Thursday, 11 May 2023

Noir Diary:
Speaking of Murder [‘Le Rouge et Mis’]
(Gilles Grangier, 1957)

 To those of us in the English-speaking world, it can sometimes feel as if France’s contribution to the culture surrounding mid-century crime/noir cinema remains an obscure and mysterious prospect. Such a conclusion begins to seem increasingly misguided though, the longer one spends scanning shelves and considering the matter.
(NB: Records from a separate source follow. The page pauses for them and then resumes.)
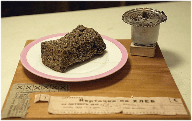 Люди ели все, что можно было съесть: цветы (из них делали лепешки), растворяли и варили плитки столярного клея с лавровым листом, олифу, на которой поджаривали хлеб.
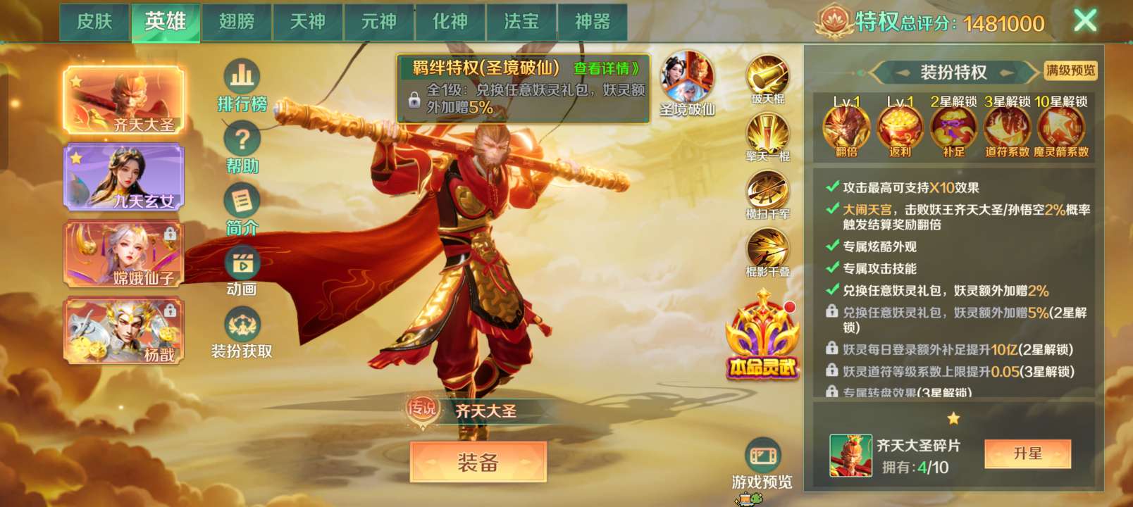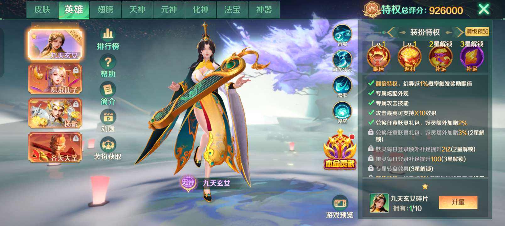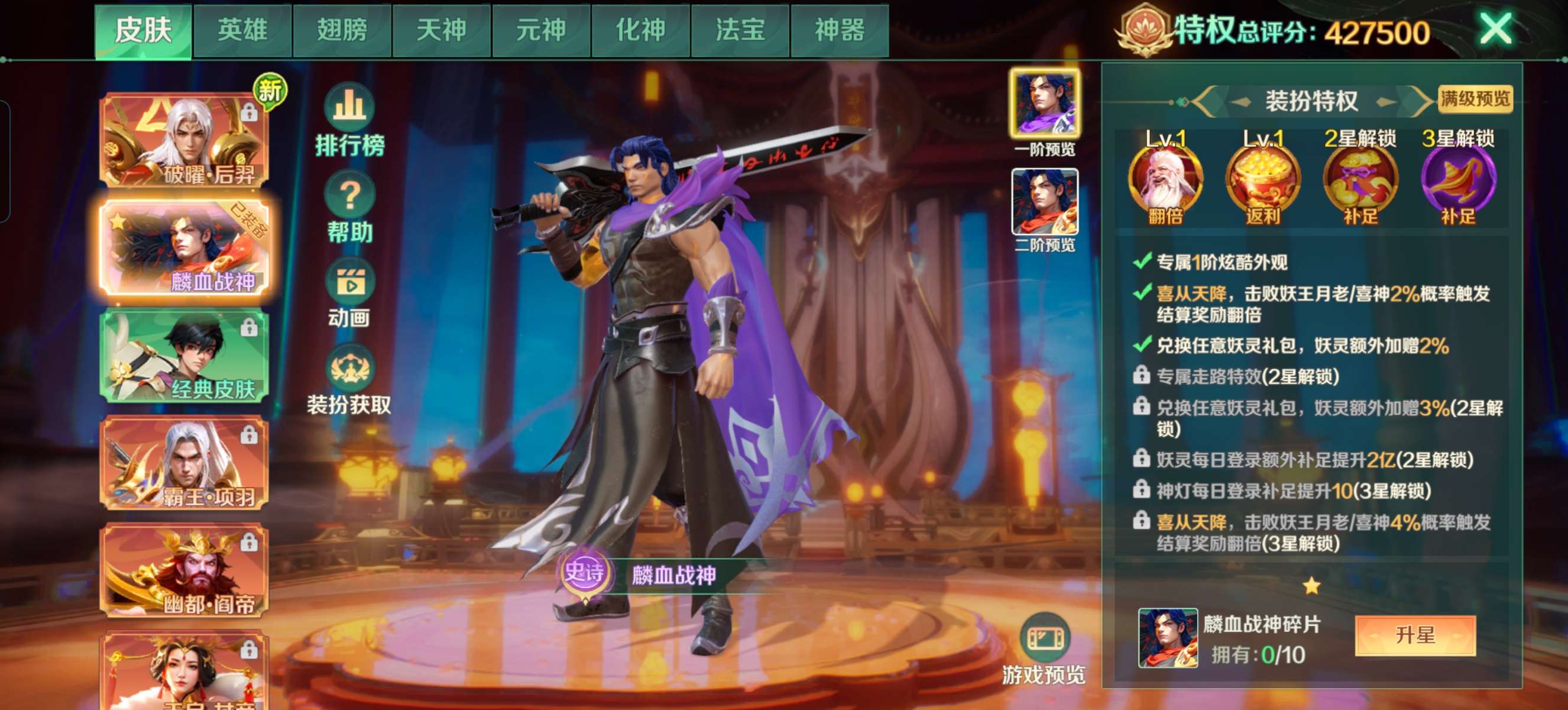 号尊(只纯玩,神灯免费送)2亿孙悟空关羽极品v8,没破产可以一直玩破产回
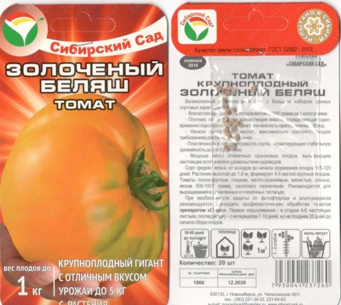 «Золоченый беляш» — это не просто гибрид, а настоящий сорт, что является важным фактором для садоводов. Семена, собранные с собственных плодов, сохраняют все сортовые признаки, что позволяет производить посадочный материал для следующих сезонов.
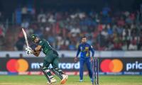 اس سے قبل ون ڈے ورلڈکپ کے آٹھویں میچ میں سری لنکا کے 345 رنز کے ہدف کے تعاقب میں پاکستان کو مشکلات کا سامنا ہکرنا پڑ رہا ہے کیونکہ اوپنر امام الحق کے بعد کپتان بابر اعظم بھی آؤٹ ہوگئے تھے اور پاکستان نے 8 اوورز میں 2 وکٹوں کے نقصان پر 37 رنز بنالیے تھے۔ اوپنر امام الحق 12 اور کپتان بابر اعظم 10 رنز پر پویلین لوٹ گئے تھے۔
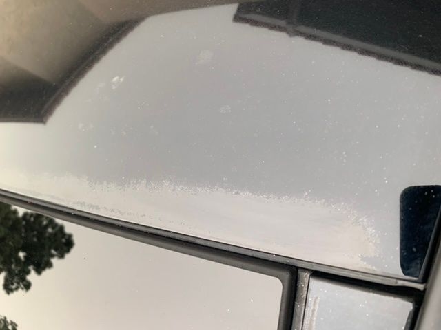 Top Front glass/plastic panel in front of sunroof meets front windshield. Took to dealer says it’s normal for coating to come off from sun exposure?? Only 3 year old GLC dealer will replace under warranty but still Mercedes is getting cheap with there quality.
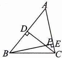 7. 如图,在锐角三角形 ABC 中,CD,BE 分别是 AB,AC 边上的高,且 CD,BE 交于一点 P.若∠A = 50°,求∠BPC 的度数.
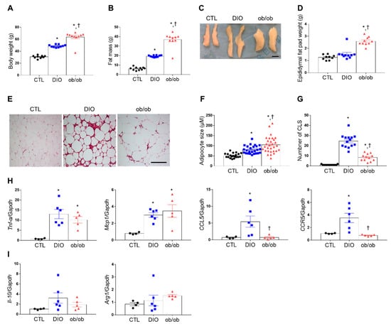 2.1. Macrophage Infiltration and Inflammation in the Adipose Tissue of DIO and ob/ob Mice
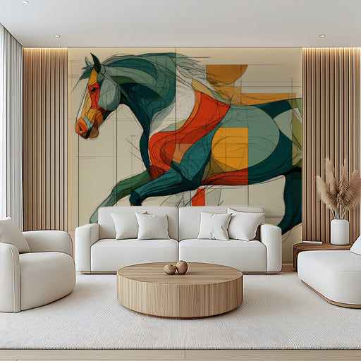Faites une déclaration artistique audacieuse avec ce papier peint captivant, mettant en vedette un portrait abstrait dynamique de la tête d'un cheval. Le cheval est représenté avec des formes géométriques fluides et des lignes qui se chevauchent dans une palette vibrante de vert profond, orange chaud et blanc éclatant, créant une sensation de mouvement élégant et d'élégance moderne. Des lignes de grille subtiles et des éléments circulaires en arrière-plan ajoutent à la conception complexe, soulignant sa profondeur artistique. Cette illustration est parfaite pour créer une ambiance énergique, artistique et contemporaine dans les salons, bureaux ou tout espace qui apprécie l'art moderne, les motifs animaliers et les formes géométriques audacieuses.

After all, Jules Dassin’s ‘Rififi’ (1955) and the films of Jean-Pierre Melville are universally revered touchstones of the genre. Classics like Jacques Becker’s ‘Touchez pas ou Grisbi’ (1954) and ‘Le Trou’ (1960), and Henri Decoin‘s ‘Razzia sur la Chnouf’, (1955), are all available on nice, sub-titled editions, as of course are arthouse/nouvelle vague-affiliated genre entries such as Truffaut’s ‘Shoot the Piano Player’ (1960) and Louis Malle’s ‘Ascenseur pour L'échafaud’ (1958). Claude Sautet’s heart-rending ‘Classe Tous Risques’ (1960) starring Lino Ventura has received a release from the BFI, and I bet your local library can still dig up a DVD of Julien Duvivier’s ground-breaking ‘Pépé le Moko’ (1937) upon request.

Nonetheless though - what unites the films listed above is their quote-unquote “importance”. All are critically acclaimed, top tier productions which - despite their intermittent brutality and nihilism - remain thoroughly respectable. They’re all great movies, no question, but, taken in isolation, can they really furnish us with a full picture of the wider culture from which they emerged?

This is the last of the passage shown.